>>>>>
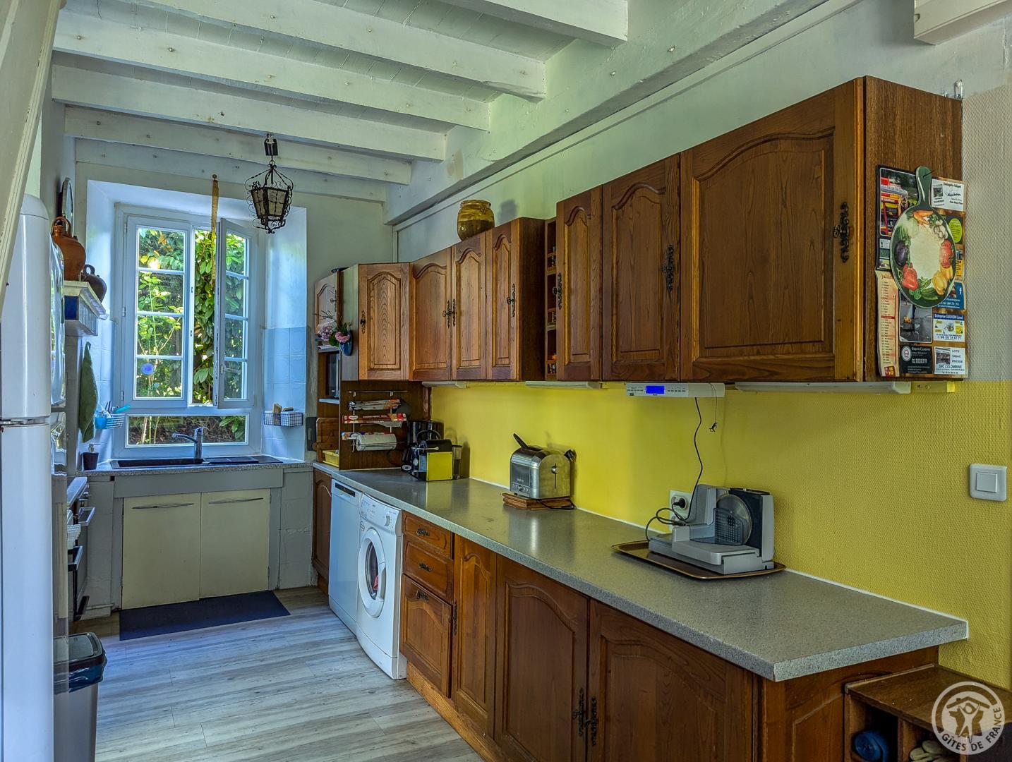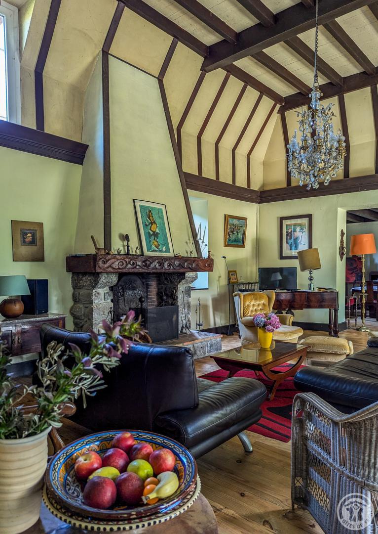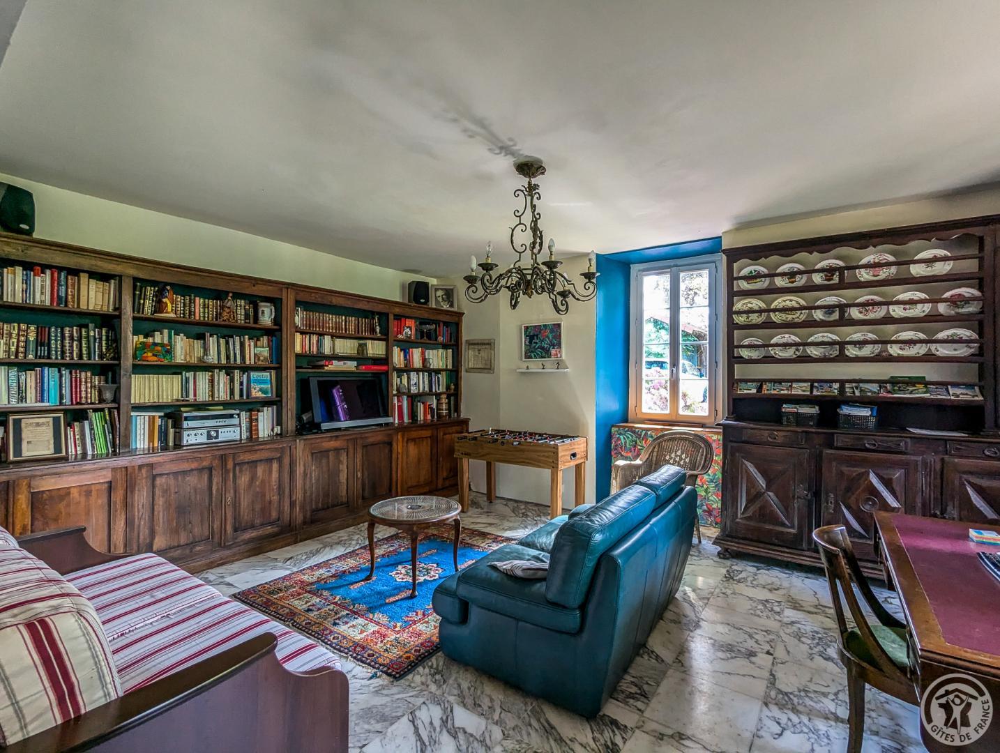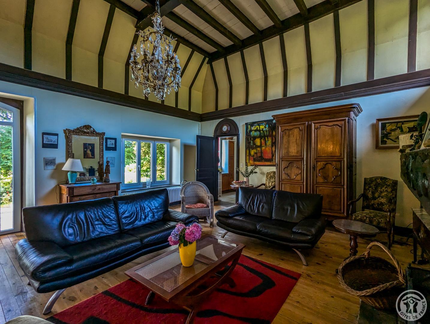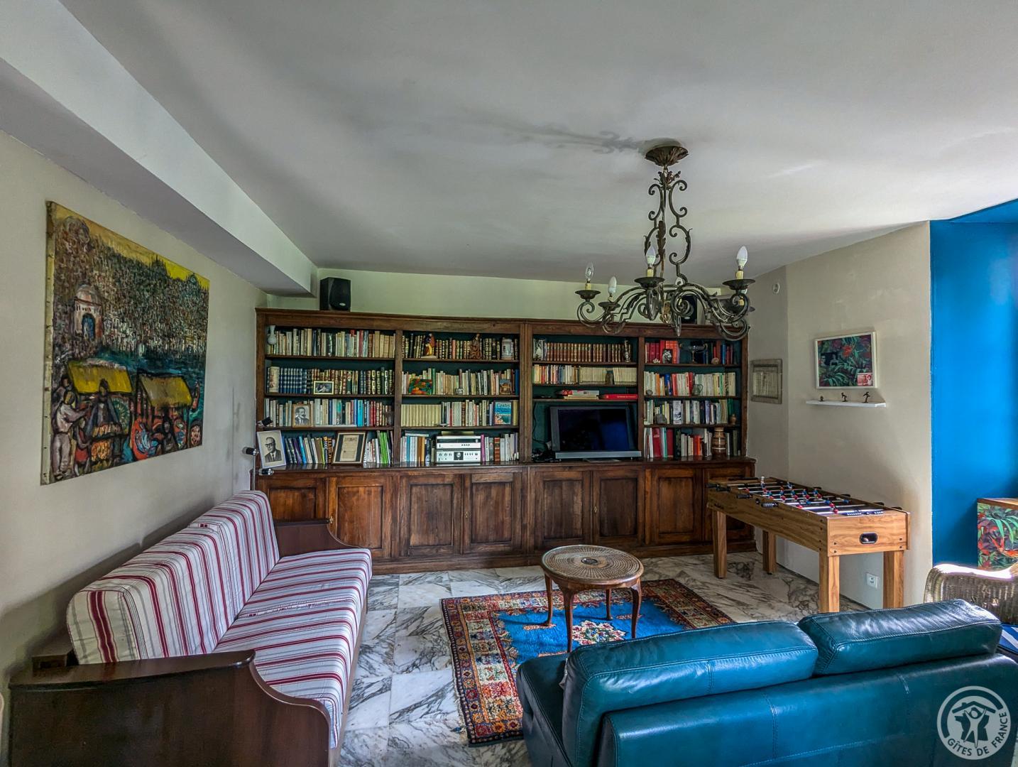 – au rez-de-chaussée : hall d’entrée, cuisine, grand séjour(80m2, avec cheminée), chambre/bureau Jean (canapé convertible en 140cm, grand bureau, chaine hifi et TV), WC.
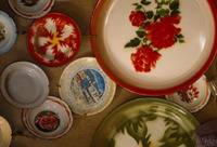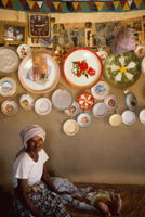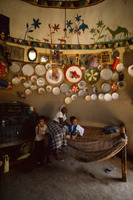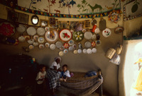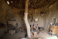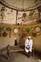 Yemen. Mahal al-Ha'arib, Tihama, enamel plates decorate thatched house interior
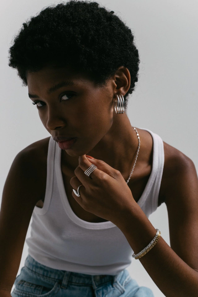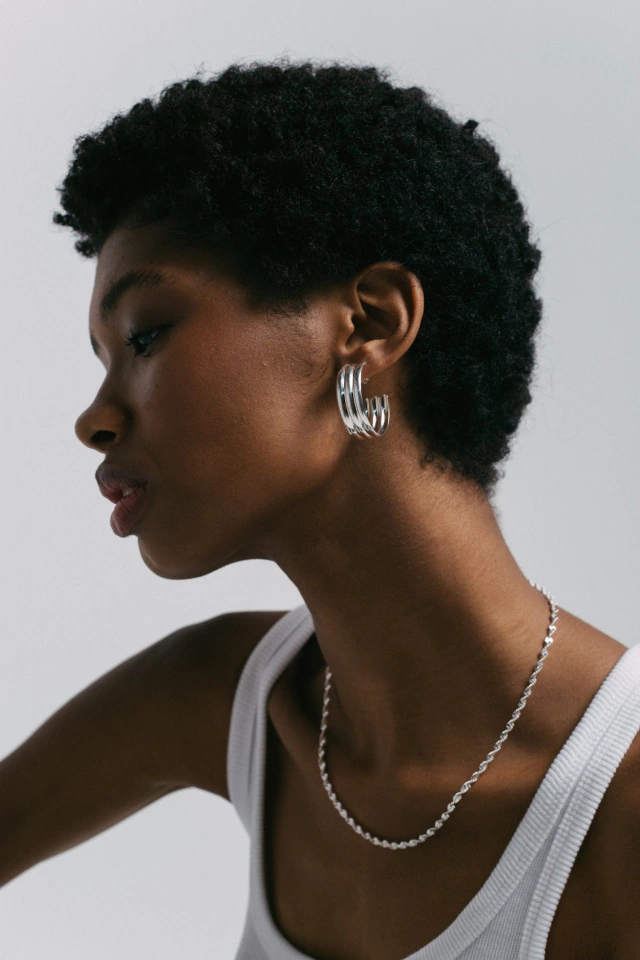 Brinco de argola com tarraxas, a argola possui algumas ondulações na sua parte superior.
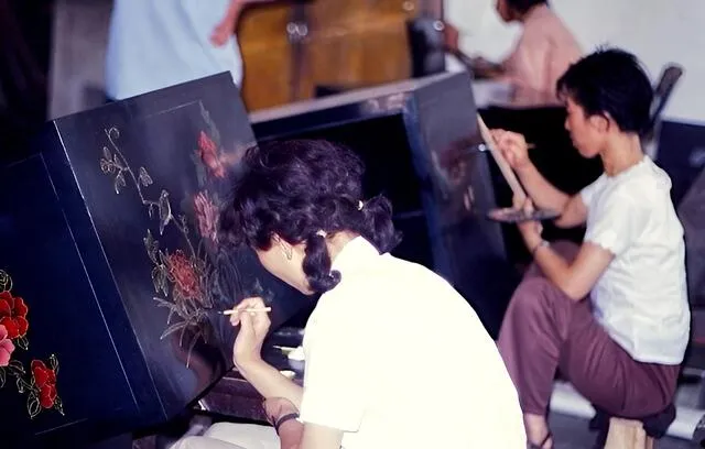 这个黑亮的柜子边上,姑娘拿细笔勾花,红牡丹一瓣一瓣地起层次,漆面照人,师傅在一旁打底色,妈妈说“这玩意儿怕磕”,搬家时都拿旧毛毯裹着,现在成陈列品了,放屋里立马就有腔调。
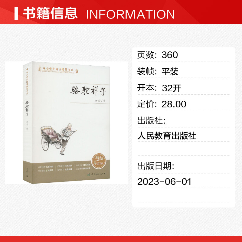 新华文轩 三四五六年级小学生必课外阅读书儿童文学名家推荐 骆驼祥子 中小学生阅读指导书系 读物本人民教育出版 老舍精编导读版
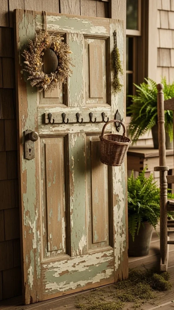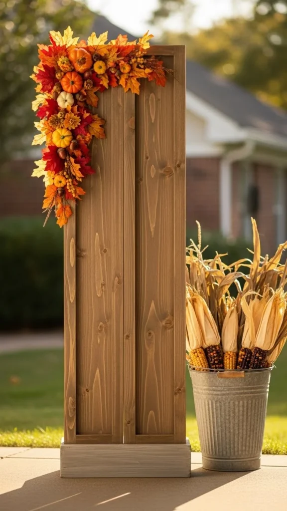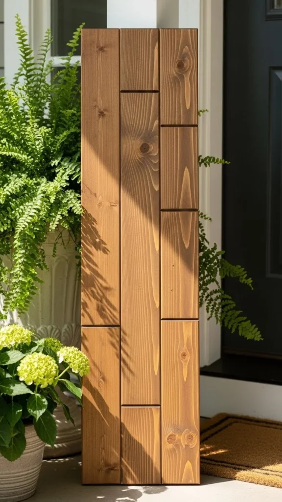 Rustic wooden boards feel timeless and work across seasons. Choose unfinished wood or lightly stained planks for a relaxed look. Tall boards draw the eye upward and frame doorways nicely.
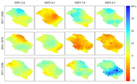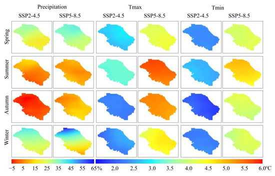 This paper analyzes the seasonal changes of future hydroclimatic parameters under two typical scenarios (SSP2-4.5 and SSP5-8.5). Figure 11 shows changes of the climate parameters in the basin between 1981–2014 and 2071–2100. Under the SSP2-4.5 scenario, the precipitation increases by 24.3%, 6.4%, −2.0%, and 30.0% in spring, summer, autumn, and winter, respectively. Spatially, the precipitation changes gradually increase from southeast to northwest (ranging from 17.9% to 32.9%) in spring. The least increase is in summer (ranging from 0% to 15.0%). Autumn is the only season in which there is a decrease in precipitation (ranging from −5.1% to 0%), and the precipitation in winter has the largest increase rate. Compared to 1981–2014, the maximum temperature of 2071–2100 increases by 2.9, 3.3, 2.3, 2.4 °C in spring, summer, autumn, and winter, respectively. The minimum temperature increases by 2.4, 2.7, 2.0, and 2.3 °C in spring, summer, autumn, and winter, respectively. The maximum and minimum temperature increase is highest in summer and lowest in autumn. Under the SSP5-8.5, the precipitation increases by 32.0%, 8.3%, 10.5%, and 30.4% in spring, summer, autumn, and winter, respectively. The precipitation changes in spring and winter gradually increase from southeast to northwest, with increasing rates of 26.5–36.4% and 8.6–62.5%, respectively. Less of an increase in precipitation is projected in the other two seasons. The rates of increase are 5.5–12.4% and 4.1–16.1% in summer and autumn, respectively. The maximum temperature increase is the largest in summer (5.6 °C) and the least in spring (4.3 °C). The minimum temperature increase is largest in summer (4.78 °C), while the other three seasons have similar increases. Overall, under the SSP5-8.5, variation trends of the climate parameters are basically the same as SSP2-4.5, but the increment is larger than SSP2-4.5. During 2071–2100, the precipitation increase rates are lower in summer and autumn, and the increase rates are higher in spring and winter, and the temperature rises most in summer.
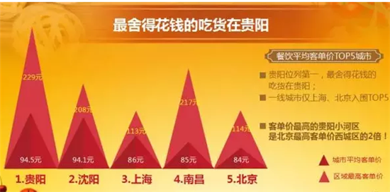 餐饮平均客单价TOP5城市中,贵阳位列第一,一线城市仅上海、北京入围TOP5。
<<<<<
The task -
Copy exactly what appears in the entries, beginning with the first line and ending with the line that has "Brinco de argola", but not the pictures.

Result -
 – au rez-de-chaussée : hall d’entrée, cuisine, grand séjour(80m2, avec cheminée), chambre/bureau Jean (canapé convertible en 140cm, grand bureau, chaine hifi et TV), WC.
 Yemen. Mahal al-Ha'arib, Tihama, enamel plates decorate thatched house interior
 Brinco de argola com tarraxas, a argola possui algumas ondulações na sua parte superior.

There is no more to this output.